Ни отцу, ни матери, ни кому-либо другому по ту сторону войны Андрей о Наташе не говорил, словно боясь, что они как-нибудь случайно, не по своей воле и не по злому умыслу вспугнут этого Ангела-Хранителя, и он навсегда оставит его. Андрей, наверное, рассказал бы обо всем лишь Танечке, старшей своей сестре и подружке, верной хранительнице сердечных его тайн, но Танечки не было. Она слишком поторопилась расстаться с несмышленым еще, беззащитным братом, оставив его жить в одиночестве и сиротстве.
На войне же, среди руин и смертей, Андрей тем более никому не смел говорить о Наташе; фотографию ее, заведенную, словно в Зазеркалье, в целлофановый пакет, спрятал под обложку военного офицерского билета и хранил ее там, всегда на груди, всегда при себе, уподобив нательному заговоренному кресту.
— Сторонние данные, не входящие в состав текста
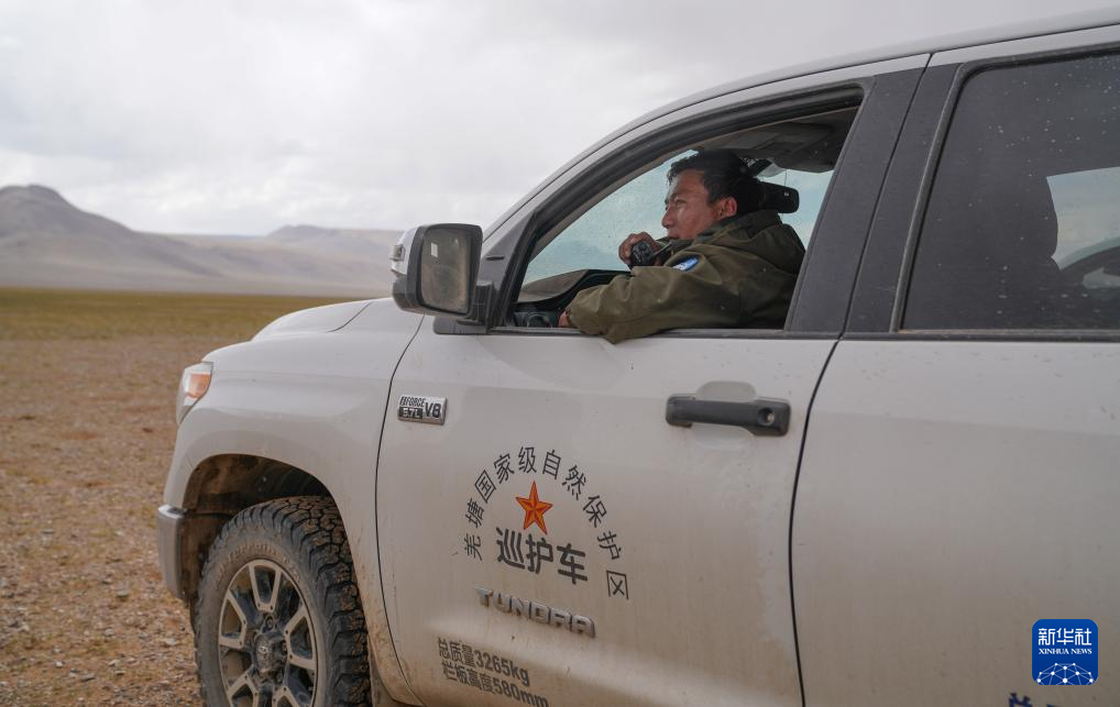 6月15日,羌塘國(guó)家級(jí)自然保護(hù)區(qū)野生動(dòng)物專(zhuān)業(yè)管護(hù)隊(duì)員羅布通過(guò)對(duì)講機(jī)聯(lián)系巡邏路上的隊(duì)員。新華社記者 晉美多吉 攝

Открылся Андреи лишь одному Саше незадолго до мученической его смерти, как будто предчувствовал ее: дальше удерживать перед ним тайну было бы уже нечестно, не по мужской их испытанной в стольких боях дружбе.
Саша долго смотрел на фотографию Наташи из-под белесых своих обожженных афганским солнцем бровей, потом перевел взгляд на Андрея и сказал именно то, чего Андрей от него и ожидал, самые верные и самые необходимые на войне солдату слова:
– Эта дождется!
Но, увы, Наташа Андрея не дождалась. Письма от нее вдруг перестали приходить, причем как-то сразу, в одночасье, без каких-нибудь затяжных промежутков, когда можно думать, что адресат твой надолго уехал из города, отлучился, но вот-вот вернется и обязательно напишет длинное объяснительное письмо. Нет – ничего этого не предполагалось! Наташа перестала писать Андрею по собственному раз и навсегда принятому решению. Он почувствовал это каким-то странным, до предела обостренным на войне седьмым или восьмым чувством и принял эту потерю безропотно и стойко – к тому времени его уже называли в части Цезарем. А Цезарю, да еще на войне, не пристало долго переживать и помнить о женских изменах.
Лишь изредка, в недолгие часы перерывов между боями где-нибудь в горах или на «зеленках» он вдруг начинал (некстати и не вовремя) корить себя за то, что все-таки открыл тайну Саше. Не случись этого, может, и не случилось бы Сашиной смерти. Слишком близко к сердцу он принял молчаливую исповедь друга, взял часть его страданий на себя и с этими страданиями был распят на раскаленном камне. Враги вырвали их из него лишь вместе с сердцем, которое само еще не пережило юношеской первой любви – это Андрей знал точно.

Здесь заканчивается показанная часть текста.